Information shown:
================

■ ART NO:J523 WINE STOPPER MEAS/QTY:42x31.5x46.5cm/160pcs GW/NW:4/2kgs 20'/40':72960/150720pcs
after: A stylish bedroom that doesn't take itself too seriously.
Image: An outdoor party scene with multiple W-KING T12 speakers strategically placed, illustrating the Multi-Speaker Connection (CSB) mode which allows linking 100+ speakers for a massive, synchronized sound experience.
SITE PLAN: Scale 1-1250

================

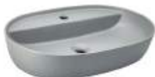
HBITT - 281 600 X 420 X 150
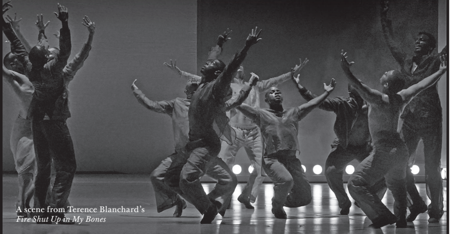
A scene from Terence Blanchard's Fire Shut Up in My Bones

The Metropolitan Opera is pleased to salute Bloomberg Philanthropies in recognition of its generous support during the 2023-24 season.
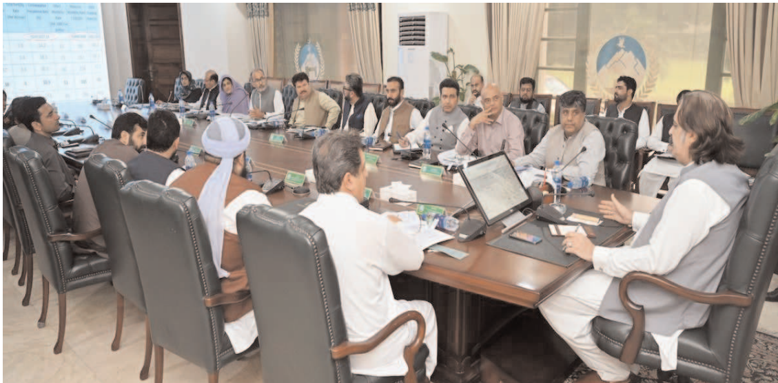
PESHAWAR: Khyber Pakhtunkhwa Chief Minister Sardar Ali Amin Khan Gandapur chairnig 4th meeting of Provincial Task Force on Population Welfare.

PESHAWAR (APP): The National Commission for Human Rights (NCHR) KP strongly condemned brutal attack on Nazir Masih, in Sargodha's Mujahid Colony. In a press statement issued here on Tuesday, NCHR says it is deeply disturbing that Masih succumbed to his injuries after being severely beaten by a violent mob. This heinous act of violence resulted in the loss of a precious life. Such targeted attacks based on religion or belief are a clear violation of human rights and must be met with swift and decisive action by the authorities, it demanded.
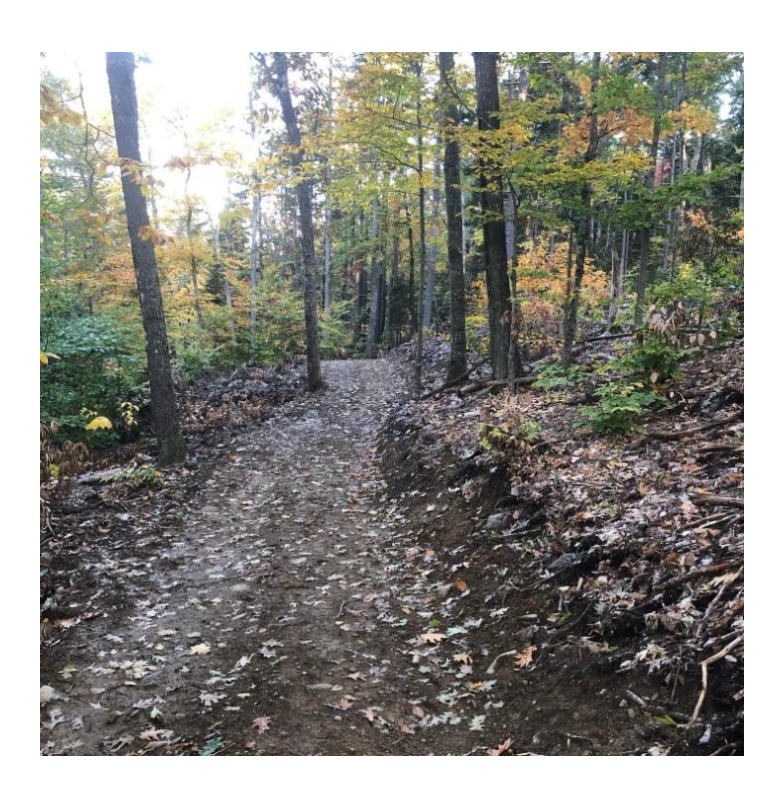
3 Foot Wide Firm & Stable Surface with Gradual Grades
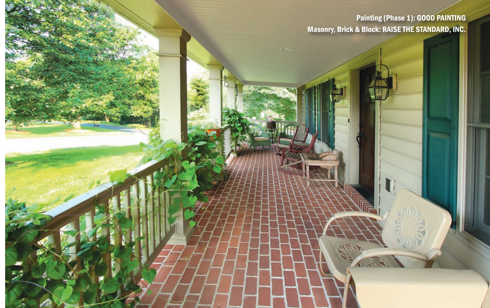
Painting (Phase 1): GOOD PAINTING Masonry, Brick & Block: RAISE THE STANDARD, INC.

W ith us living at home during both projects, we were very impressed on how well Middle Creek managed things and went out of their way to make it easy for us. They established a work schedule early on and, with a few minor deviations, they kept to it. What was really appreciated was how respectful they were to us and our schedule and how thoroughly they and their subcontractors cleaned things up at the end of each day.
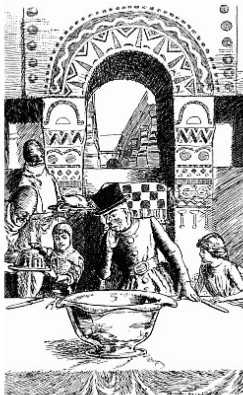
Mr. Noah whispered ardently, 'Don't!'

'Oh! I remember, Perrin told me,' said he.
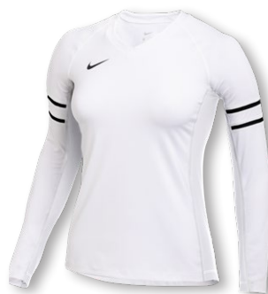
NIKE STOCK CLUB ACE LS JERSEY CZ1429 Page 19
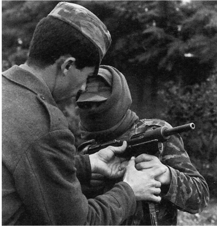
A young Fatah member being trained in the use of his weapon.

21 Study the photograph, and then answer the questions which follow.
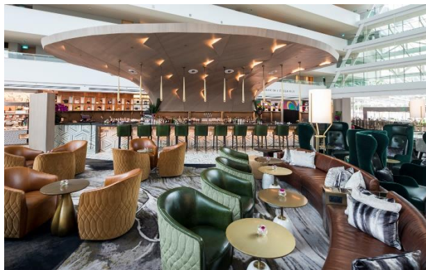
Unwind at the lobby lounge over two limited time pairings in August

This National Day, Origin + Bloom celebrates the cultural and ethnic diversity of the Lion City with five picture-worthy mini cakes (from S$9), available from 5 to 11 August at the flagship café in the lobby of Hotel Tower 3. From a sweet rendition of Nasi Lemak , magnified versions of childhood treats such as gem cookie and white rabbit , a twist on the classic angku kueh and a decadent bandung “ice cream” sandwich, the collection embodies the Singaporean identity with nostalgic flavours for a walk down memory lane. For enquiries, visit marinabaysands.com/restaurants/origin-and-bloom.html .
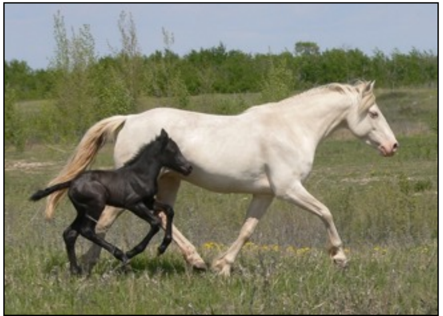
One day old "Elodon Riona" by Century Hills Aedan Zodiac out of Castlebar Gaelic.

================

Exercise instructions: Please make an exact copy of the lines above from the line with "after: A stylish" through the line with "SITE PLAN: Scale 1-1250", both ends included.

Solution to the problem:
after: A stylish bedroom that doesn't take itself too seriously.
Image: An outdoor party scene with multiple W-KING T12 speakers strategically placed, illustrating the Multi-Speaker Connection (CSB) mode which allows linking 100+ speakers for a massive, synchronized sound experience.
SITE PLAN: Scale 1-1250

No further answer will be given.